Focus Final $500 Million Community College Competition on Best Practices for Job-Driven Training. The Trade Adjustment Assistance and Community College and Career Training (TAA-CCCT) competitive grant program has, over the last three years, supported community colleges in a range of strategies, including a range of partnerships that have increasingly focused on job-driven training strategies. Secretary Perez has already undertaken serious engagement since being sworn into office to ensure that training programs at the Labor Department are focused on meeting the needs of employers that will do the hiring. Building on his progress, the President has asked the Secretary of Labor to make job-driven training strategies as well as the best practices identified through the stakeholder consultations to be taken into consideration in the selection criteria for the final $500 million of the TAA-CCCT competition. This grant competition will seek to scale job-driven training partnerships between regional employers and national industry associations that advance the best practices identified throughout the immediate stakeholder consultations. In particular, this grant competition will fund the work of winning partnerships advancing elements of the most successful models identified throughout the immediate stakeholder engagement and consultation, including at least one winner in every state. 

 

  • Community College Partnerships with Regional Employers.  Winning community college grantees will partner with regional employers to create training programs for in-demand jobs.
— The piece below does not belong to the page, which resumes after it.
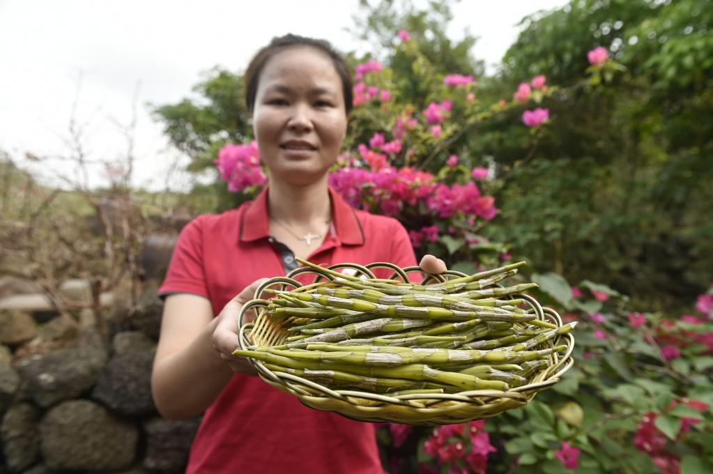 2019年3月14日,村民在海南??谑行阌^(qū)石山鎮(zhèn)施茶村石斛園展示新鮮的石斛。新華社記者 魯鵬 攝

Proposals in which applicants commit to replicating programs nationally will be encouraged.

 

  • National Competition with Winners in Every State. Every State will be awarded at least one grant for community college-regional employer partnerships, with competitive priority for partnerships that also include national industry and employer groups that commit to help replicate elements of these successful models nationwide, in other communities where they want to hire workers with these skills.